Learning Generalizable Neural Operators for Inverse Problems
Adam J. Thorpe, Stepan Tretiakov, Dibakar Roy Sarkar, Krishna Kumar, Ufuk Topcu
TL;DR
The paper tackles ill-posed inverse problems by decoupling function representation from inversion through a basis-to-basis framework. It introduces B2B^{-1}, which learns neural bases for input and output spaces and performs inversion in coefficient space, enabling deterministic, invertible, and probabilistic inverse models that can reflect uncertainty and non-uniqueness. Evaluations across six PDE benchmarks—including two novel inverse-operator datasets (Chladni plate resonance and wave scattering) and a seismic full waveform inversion task—show that probabilistic inverses are essential for strongly ill-posed tasks, while deterministic and invertible models excel on well-posed cases. The results, interpreted via forward-consistency re-simulation, demonstrate robust generalization and highlight tradeoffs between accuracy and robustness to measurement noise, guiding model selection based on problem structure and data quality.

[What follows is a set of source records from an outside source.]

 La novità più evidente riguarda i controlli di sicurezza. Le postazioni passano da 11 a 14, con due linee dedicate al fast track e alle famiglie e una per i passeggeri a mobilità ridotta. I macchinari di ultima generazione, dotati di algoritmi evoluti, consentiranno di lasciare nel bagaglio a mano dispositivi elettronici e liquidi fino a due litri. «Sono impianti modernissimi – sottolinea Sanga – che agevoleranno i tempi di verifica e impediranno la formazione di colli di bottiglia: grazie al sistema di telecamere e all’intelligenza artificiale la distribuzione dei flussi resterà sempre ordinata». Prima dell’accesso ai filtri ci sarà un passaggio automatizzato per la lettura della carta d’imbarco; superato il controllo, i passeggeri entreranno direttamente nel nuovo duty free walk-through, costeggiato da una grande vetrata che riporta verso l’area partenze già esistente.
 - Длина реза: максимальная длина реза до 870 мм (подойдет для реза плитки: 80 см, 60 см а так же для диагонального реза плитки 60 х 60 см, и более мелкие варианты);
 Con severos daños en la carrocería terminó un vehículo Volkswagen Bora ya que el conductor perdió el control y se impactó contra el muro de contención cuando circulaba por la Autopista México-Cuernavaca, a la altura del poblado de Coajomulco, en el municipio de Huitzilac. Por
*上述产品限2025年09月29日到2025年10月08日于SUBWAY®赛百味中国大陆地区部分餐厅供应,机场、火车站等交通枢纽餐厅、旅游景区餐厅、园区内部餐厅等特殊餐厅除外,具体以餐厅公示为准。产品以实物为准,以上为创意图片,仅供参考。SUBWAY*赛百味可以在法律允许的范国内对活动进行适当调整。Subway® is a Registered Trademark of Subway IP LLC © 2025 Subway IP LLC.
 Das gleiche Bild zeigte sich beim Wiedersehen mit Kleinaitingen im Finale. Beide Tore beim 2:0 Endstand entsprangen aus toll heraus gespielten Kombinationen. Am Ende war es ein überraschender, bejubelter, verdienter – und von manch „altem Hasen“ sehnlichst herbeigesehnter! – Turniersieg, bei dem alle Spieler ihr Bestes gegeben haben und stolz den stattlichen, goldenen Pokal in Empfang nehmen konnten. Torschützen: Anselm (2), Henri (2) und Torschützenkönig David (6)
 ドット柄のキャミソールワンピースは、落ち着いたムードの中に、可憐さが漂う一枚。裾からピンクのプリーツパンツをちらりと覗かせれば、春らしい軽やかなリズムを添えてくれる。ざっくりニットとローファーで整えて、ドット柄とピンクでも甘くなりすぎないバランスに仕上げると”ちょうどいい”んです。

Overall, the B2B^{-1} framework offers a scalable, modular approach to principled inverse surrogate modeling with potential across engineering and geophysics domains.
Abstract
Inverse problems challenge existing neural operator architectures because ill-posed inverse maps violate continuity, uniqueness, and stability assumptions. We introduce B2B${}^{-1}$, an inverse basis-to-basis neural operator framework that addresses this limitation. Our key innovation is to decouple function representation from the inverse map. We learn neural basis functions for the input and output spaces, then train inverse models that operate on the resulting coefficient space. This structure allows us to learn deterministic, invertible, and probabilistic models within a single framework, and to choose models based on the degree of ill-posedness. We evaluate our approach on six inverse PDE benchmarks, including two novel datasets, and compare against existing invertible neural operator baselines. We learn probabilistic models that capture uncertainty and input variability, and remain robust to measurement noise due to implicit denoising in the coefficient calculation. Our results show consistent re-simulation performance across varying levels of ill-posedness. By separating representation from inversion, our framework enables scalable surrogate models for inverse problems that generalize across instances, domains, and degrees of ill-posedness.